There is a absolutely nothing wrong with this - it is a valid gradient descent step for the function given above.  It is however slightly more cumbersome to write - and implement - than a function of a single set of inputs like our standard $g\left(\mathbf{w}\right)$ whose descent step can be written and implemented in a single line (one taken in $\mathbf{w}$).  This annoyance is greatly amplified when dealing with functions of many inputs variables - which can be scalars, vectors, or even matrices - which we will regularly encounter during our machine learning voyage.  For such functions, in order to take a single gradient descent step we must *loop* over their many different input variables.

Thankfully every mathematical function can be re-expressed so that *all* of its input variables are represented as a single contiguous array $\mathbf{w}$, which alleivates this irritation.  For example in the example above we can easily see that by *re-indexing* entries of $\mathbf{a}$ and $\mathbf{b}$ using a single array as

\begin{equation}
\mathbf{w} = 
\begin{bmatrix}
a_1 \\
\vdots \\
a_N \\
b_1 \\
\vdots \\
b_N \\
\end{bmatrix} = 
\begin{bmatrix}
w_1 \\
\vdots \\
w_N \\
w_{N+1} \\
\vdots \\
w_{2N} \\
\end{bmatrix}
\end{equation}

the function in equation (1) above can then be equivalently written as

\begin{equation}
g\left(\mathbf{w}\right) = \sum_{n=1}^N\left(w_nw_{n+N}\right)^2.
\end{equation}

Again note that all we have really done here is *re-indexed* the entries of both input vectors in a contiguous manner.  When expressed in this standardized manner we can both more easily reference optimization principles (which were scribed in Sections for functions in this standard form) and implement local optimization schemes like gradient descent in a less cumbersome way in a single line of algebra or `autograd` `Python` code, instead of requiring a loop over each input variable.  This variable re-indexing scheme is called *function flattening*, and can be applied to any mathematical function in principle. 

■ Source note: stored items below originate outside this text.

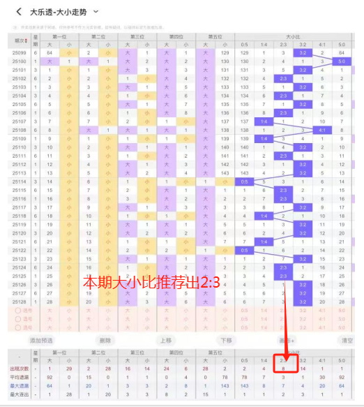 6、大小比:上期开出大小比为:3;2,近85期开出4:1出现19次,3:2出现35次,2:3出现45次,1;4出现27次,5:0出现3次,本期推荐出2:3。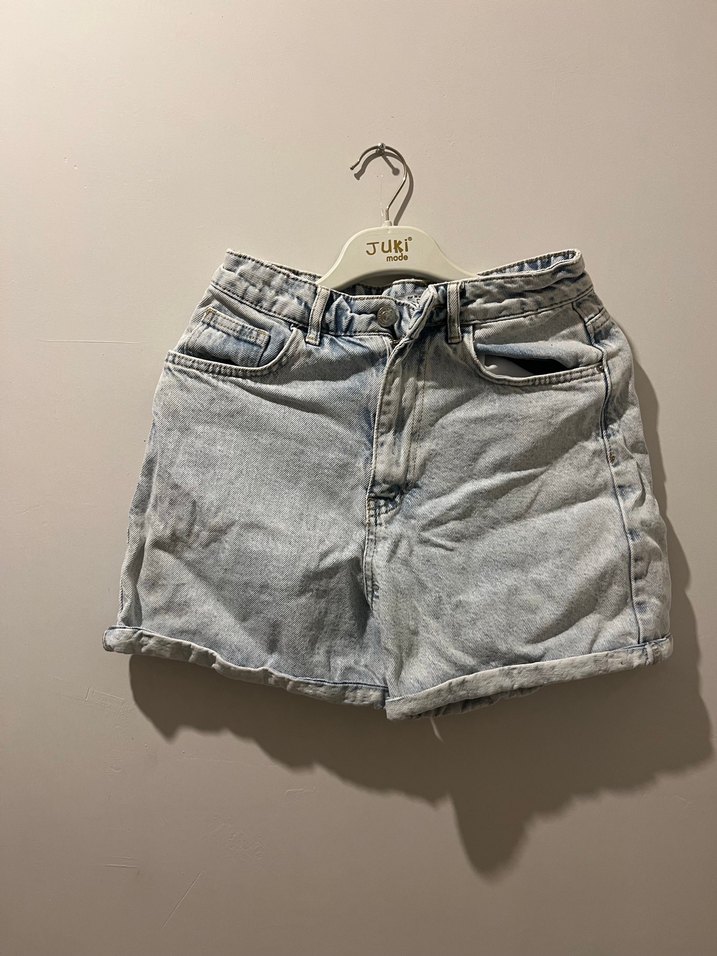 Mavi renk, kısa ve bol kesim denim şort. Günlük kullanıma uygun, rahat ve şık bir sokak stili parçası.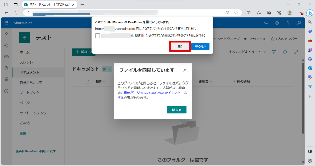 ここでのヒントは同期したいファイルやドキュメントを含むサイトに確実にアクセスすることです。

While performing the re-indexing required to flatten a function properly by hand for each and every function we come across is important, it (like derivative computation itself) is a repetitive and time consuming operations for human to perform themselves.  Therefore *in practice* we will automate this task, employing a flattening module from the `Python` `autograd` library.  This module can be imported from the `autograd` library (introduced in the previous Section) via the line below.

In [2]:
# import function flattening module from autograd
from autograd.misc.flatten import flatten_func

To flatten a mathematical function scribed in `numpy` and `Python` called `f` - written in such a way that it takes in a single list containing all of its input variables - we then simply call the line below.  Here on the right hand side `weights` is a list of initializations for input variables to the function `f`.  The outputs `g`, `unflatten_func`, and `w` are the flattened version of `f`, a module to unflatten the input weights, and a flattened version of the intitial weights respectively.

In [None]:
# flatten an input function g
g, unflatten_func, w = flatten_func(f, input_weights)

This flattened function and initialization can then be directly used with the gradient descent implementation given above.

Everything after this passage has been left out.